I'm not sure how this myth got started -- I used to believe it too, before I met my husband, who grew up in Germany. Every time I tell someone I'm making schnitzel for dinner, they talk about hot dog buns and sauerkraut. Then they try to convince me that I really meant sausage and they will go as far as to ambush random passersby to help corroborate their story.

In truth, the word schnitzel comes from the German term "schneiden" which means to cut, so schnitzel means cutlet. Thus, Wiener Schnitzel is not a cut-up hot dog, but rather a "cutlet from Vienna or Wien." See how I make it after the jump.

Now that we've got our P's and Q's in order, let's talk real breaded, crisp-on-the-outside, juicy-on-the-inside schnitzel.

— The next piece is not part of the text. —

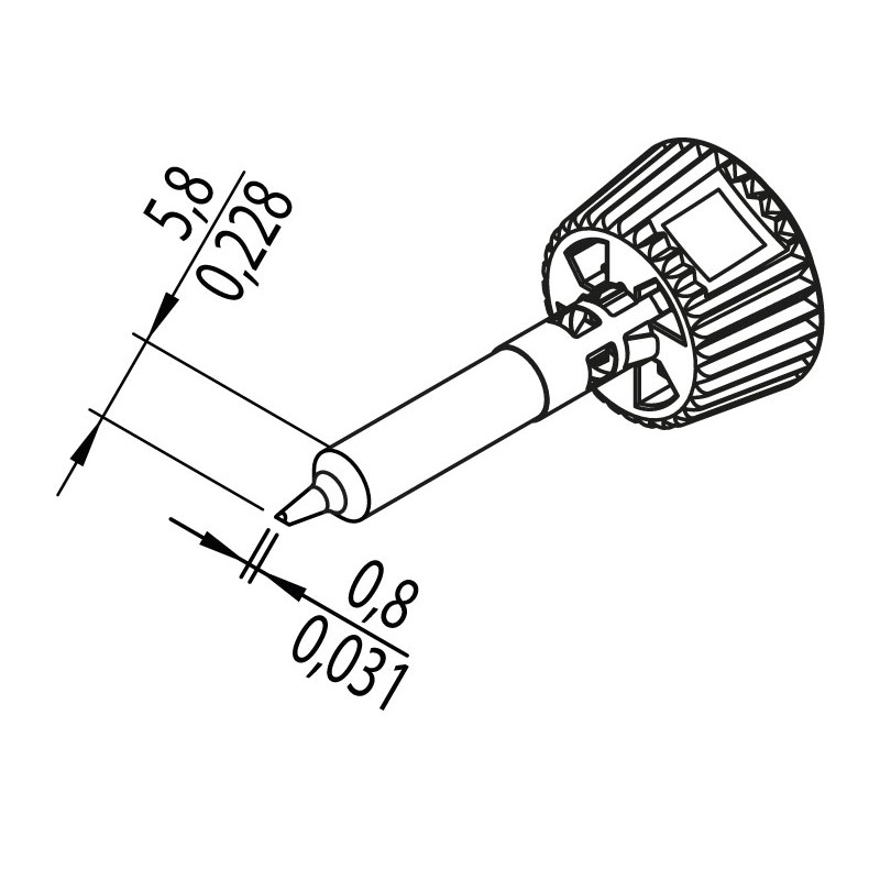 в форме долота, асимметричный конус, ширина 0,8 мм

Wiener Schnitzel is my husband's favorite -- so I created a chicken version, because good veal is hard to find in my local grocery store and can be a bit pricey. I make my own whole-grain breadcrumbs, to give it a healthier twist, and use less oil then the traditional version. Yet it still comes out just as crisp, because I finish it off in the oven. Serve with fresh lemon wedges and a salad for a complete meal.

Chicken Schnitzel
Serves 4

Ingredients
1 cup whole-wheat breadcrumbs
1 tablespoon chopped parsley (optional)
2 teaspoons sesame seeds
1 teaspoon grated Parmesan
¼ teaspoon paprika
¼ teaspoon freshly ground black pepper
1 egg
3 egg whites
¼ cup white whole-wheat flour or whole-wheat pastry flour
1 teaspoon salt
4 thinly sliced chicken cutlets
1 large lemon, cut into wedges, seeds removed

Preheat the oven to 400 degrees. Place the breadcrumbs, parsley, sesame seeds, Parmesan, paprika and black pepper on a sheet of wax paper. Mix with a fork until combined.

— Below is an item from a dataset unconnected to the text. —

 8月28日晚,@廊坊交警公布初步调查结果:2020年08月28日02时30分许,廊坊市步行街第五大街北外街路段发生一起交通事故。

Place the egg and egg whites in a shallow bowl and whisk until well combined. Spread the flour out onto a plate. Sprinkle the chicken with half the salt and press into the flour. Dip into the egg wash and press into the breadcrumb mixture. Repeat with remaining cutlets.

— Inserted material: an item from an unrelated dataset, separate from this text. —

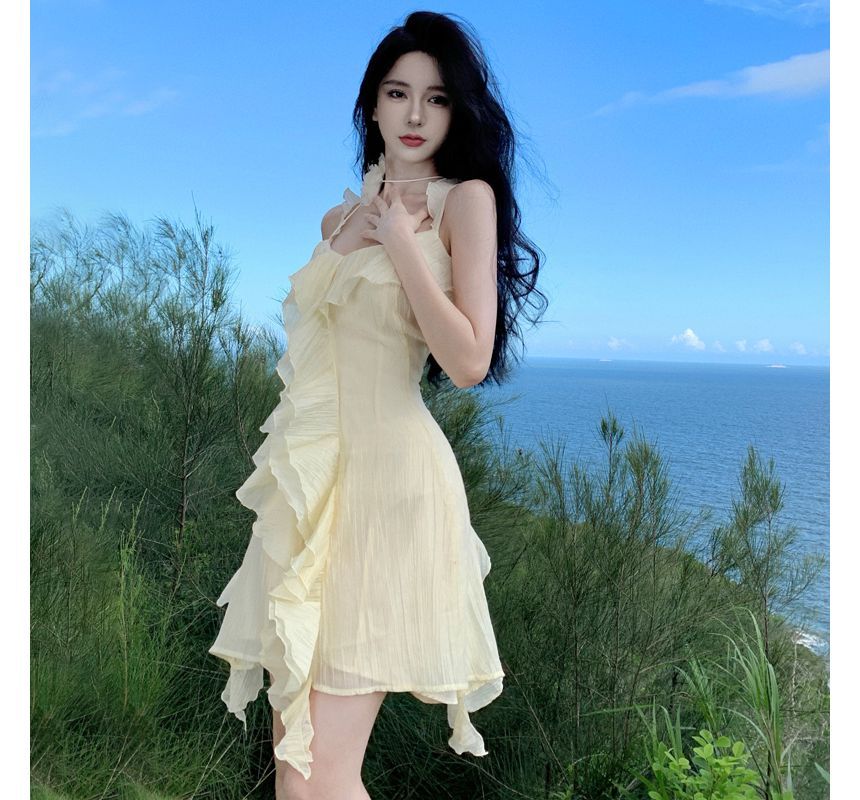 Spaghetti Strap Plain Ruffle Trim Mini A

Heat two large ovenproof skillets over medium heat. Add a tablespoon of oil to each skillet. Add two cutlets to each pan and cook 2 to 3 minutes until the cutlets start to brown. Spray the top of the cutlets with a light coat of cooking spray and turn. Slide the skillet into the oven and bake 3 to 4 minutes until the chicken is cooked through. Transfer to a plate covered with paper towels. Sprinkle with remaining salt and serve immediately with lemon wedges.